Há ainda a questão das patentes. Uma patente permite a exclusividade para a fabricação de um produto por um determinado tempo. Enquanto não é realizada a engenharia reversa (nome bonito para cópia ou plágio), a empresa detentora da patente pode lucrar com sua nova ideia. E isso favorece os empreendedores e o espírito inovador. E favorece a sociedade como um todo, que pode ter acesso a produtos que nem imaginavam ser possíveis. Como exemplo, lembro-me que uma grande disputa tecnológica vem sendo praticada pela Apple e pela Samsung por conta dos tablets e celulares. Essas empresas estabelecem preços mínimos para seus produtos e isso só é possível porque por muitos anos tiveram o know-how e as patentes exclusivas para produção de tablets e smartphones.

E finalmente voltando ao foco da postagem. O preço final dos combustíveis depende muito da política de monopólio do refino e TAMBÉM DOS IMPOSTOS. Mas depende ainda dos carteis formados pelos donos dos postos de combustível. Quando muitos donos de postos de combustível combinam preços entre si, eliminam o papel da concorrência na redução dos preços.

Os monopólios, oligopólios e carteis são instrumentos criados com o objetivo de fraudar Lei de Oferta e Procura. Na Figura tem-se a evolução da produção e consumo de petróleo no Brasil. Observamos que o crescimento do consumo e da produção andaram juntos até pouco tempo.

Por vontade política e interesse de se manter no poder, o governo anterior utilizou a Petrobrás para segurar o crescimento da inflação, mantendo os preços mais baixos, mesmo causando prejuízos aos investidores. Também utilizou a Petrobrás como uma forma indireta de obtenção de recursos para custear as eleições. Obras contratadas a valores superfaturados garantiram as doações oficiais e o caixa 2. Mas se esqueceram que a Petrobrás não é totalmente pública. Tem investidores na Bolsa de Valores e por isso precisa seguir regras de boa governança. Os acionistas americanos ganharam na justiça 3 bilhões de dólares como ressarcimento dos danos causados pela corrupção. Ficou a lição.

Com o argumento de que era preciso recuperar a credibilidade e impedir a falência da Petrobrás, o atual governo estabeleceu que o preço dos combustíveis nas refinarias – monopólio da Petrobrás – seria estabelecido de acordo com os preços internacionais. E isso significa que o preço dos combustíveis nas refinarias passou a depender da taxa de câmbio e do preço dos combustíveis no exterior. Isso porque o Brasil importa parte da gasolina.

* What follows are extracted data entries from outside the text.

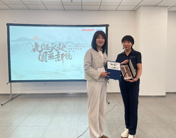 沙龍尾聲,NEC工程投影機全國銷售總監(jiān)譚慧菊女士與北京畫院王亞楠老師互贈禮物,強調(diào)了此次合作的戰(zhàn)略意義與深遠影響,同時也傳遞出未來雙方將持續(xù)深入探索更多傳統(tǒng)文化光影化的合作,將藝術(shù)+科技的融合推向新高度。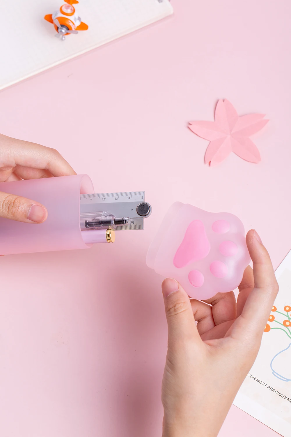 Чехол для карандашей, прозрачный, в виде кошачьей лапы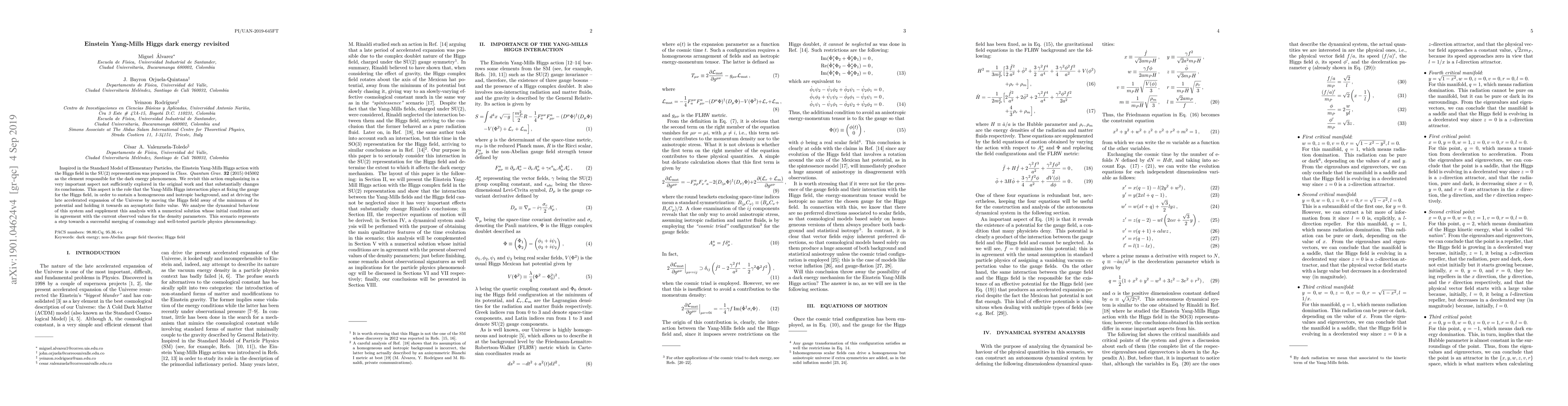 Inspired in the Standard Model of Elementary Particles, the Einstein Yang-Mills Higgs action with the Higgs field in the SU(2) representation was proposed in Class. Quantum Grav. 32 (2015) 045002 as the element responsible for the dark energy phenomenon. We revisit this action emphasizing in a very important aspect not sufficiently explored in the original work and that substantially changes its conclusions. This aspect is the role that the Yang-Mills Higgs interaction plays at fixing the gauge for the Higgs field, in order to sustain a homogeneous and isotropic background, and at driving the late accelerated expansion of the Universe by moving the Higgs field away of the minimum of its potential and holding it towards an asymptotic finite value. We analyse the dynamical behaviour of this system and supplement this analysis with a numerical solution whose initial conditions are in agreement with the current observed values for the density parameters. This scenario represents a step towards a successful merging of cosmology and well-tested particle physics phenomenology.

Há poucas refinarias no país. Algumas estavam sendo construídas, mas não entraram em operação. Outras foram abandonadas depois de terem sido investidos mais de 2,7 bilhões de reais.

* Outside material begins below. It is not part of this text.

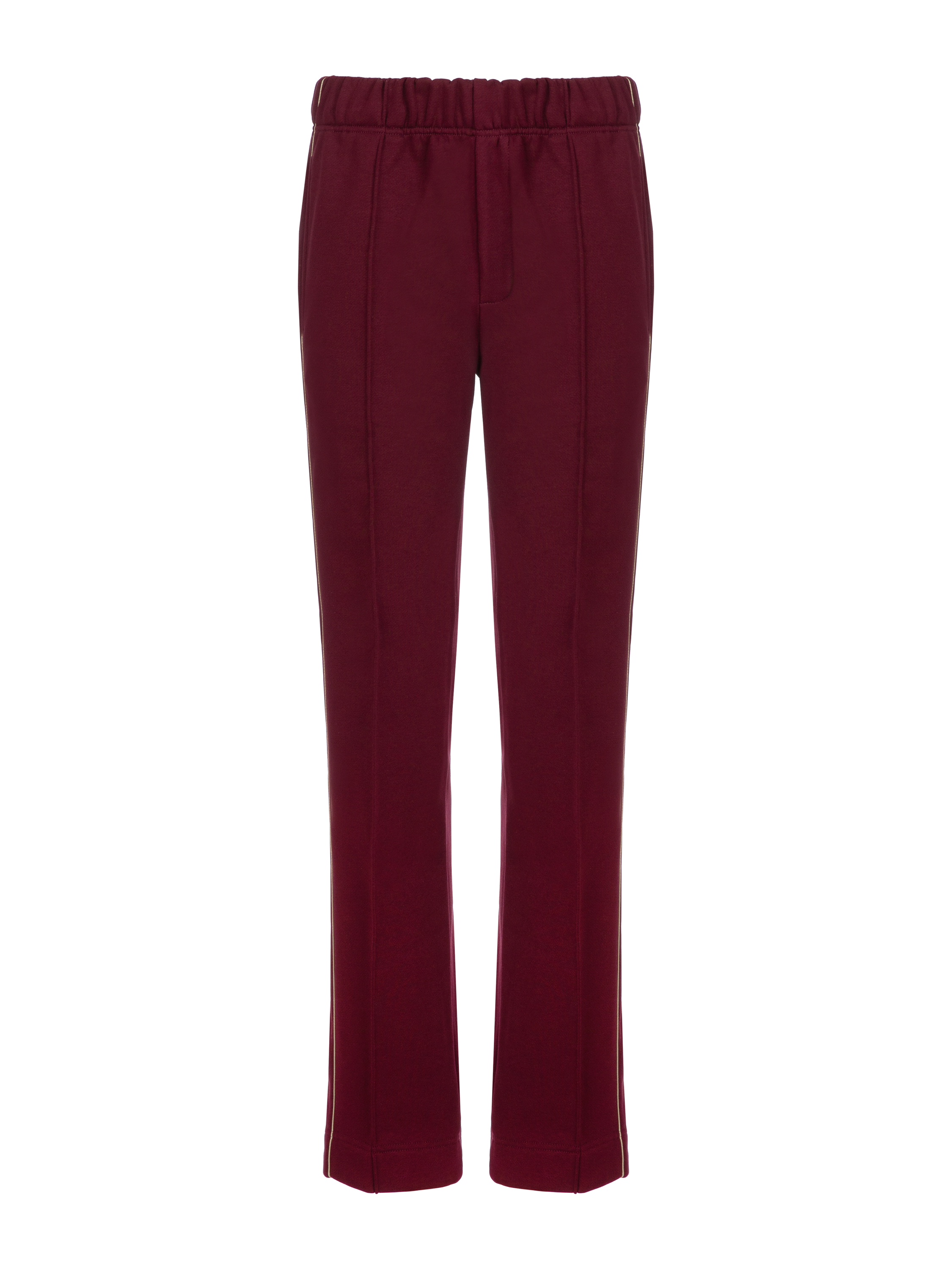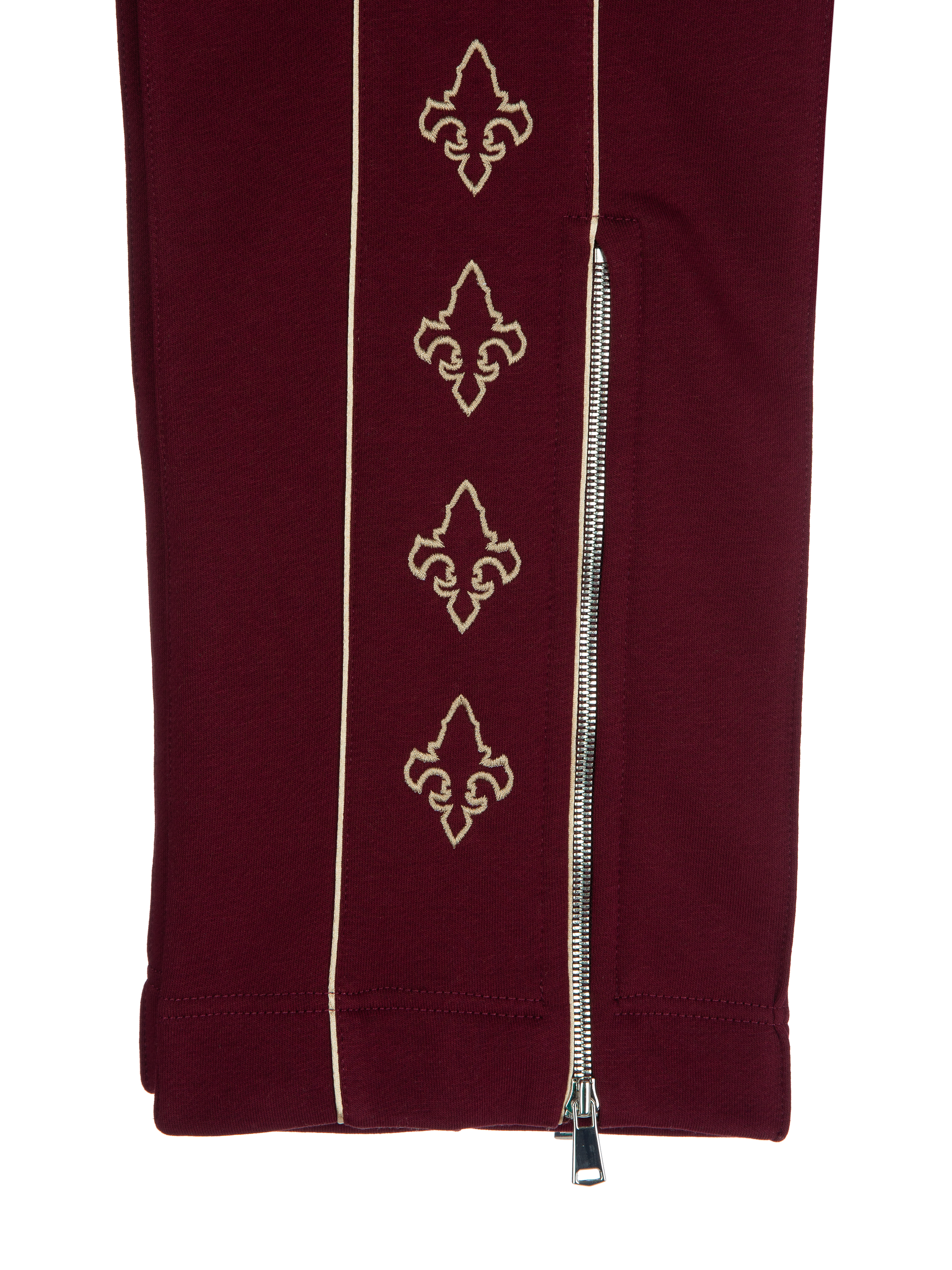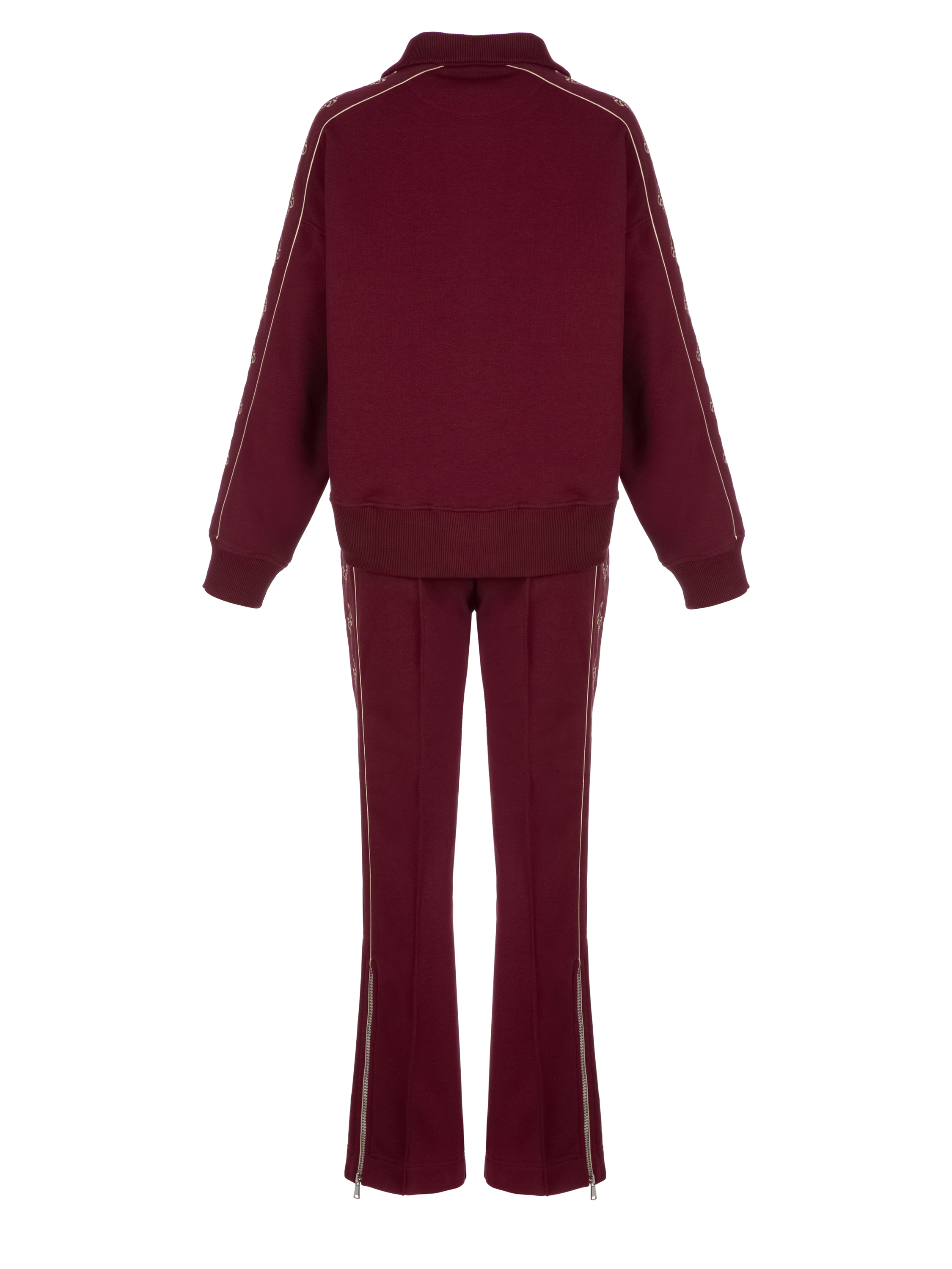The knitted suit is made of burgundy jersey and consists of a cropped sweatshirt with a stand-up collar and zipper and sweatpants. The cuffs and collar are finished with a wide elastic band. The sweatshirt is decorated with beige embroidery in the form of heraldic lilies on the sleeves. The trousers are complemented with side stripes and zippers at the bottom.

É difícil entender como uma empresa que detém o monopólio das refinarias possa correr o risco de falência. Mas, como disse anteriormente, decisões criminosas deixaram a empresa com grandes dívidas. E aí estava o risco. Ser incapaz de pagar suas dívidas significa que a empresa poderia ser tomada pelos credores. Gostemos ou não, esse foi o balanço apresentado pela empresa no ano de 2016. Se houve manipulação dessas informações ou não, desconheço. A ex-presidente afirmou que é mentira que a empresa estivesse quebrada. Mas é difícil que uma empresa de tamanho porte e que está sob o escrutínio de auditorias internacionais possa fraudar seus balanços sem consequencias. Analisando os resultados da Operação Lava Jato não é difícil acreditar que a empresa estivesse a beira do abismo. A compra de Pasadena (EUA), a construção de refinarias em outros países, gastos excessivos em obras que não tiveram êxito, queda do preço internacional do barril de petróleo, superfaturamento e outros crimes são de conhecimento público.

Em 2014, a Petrobras teve um prejuízo de 21,5 bilhões de reais. Em 2015, registrou um prejuízo de 34,8 bilhões de reais, em decorrência de fatores relacionados a baixas nos campos de petróleo, a queda do preço internacional do barril, a crise referente a Operação Lava Jato, dentre outros.

Há uma frase inglesa que diz: “desperate times call for desperate measures“, que pode ser traduzida: Em momentos extremos são necessárias medidas extremas.

A mudança na política de preços fez com que a gasolina e óleo diesel subissem muito de preço nos últimos dois anos. E por isso a greve dos caminhoneiros teve o apoio da maioria da população, mesmo com todos os transtornos que causaram.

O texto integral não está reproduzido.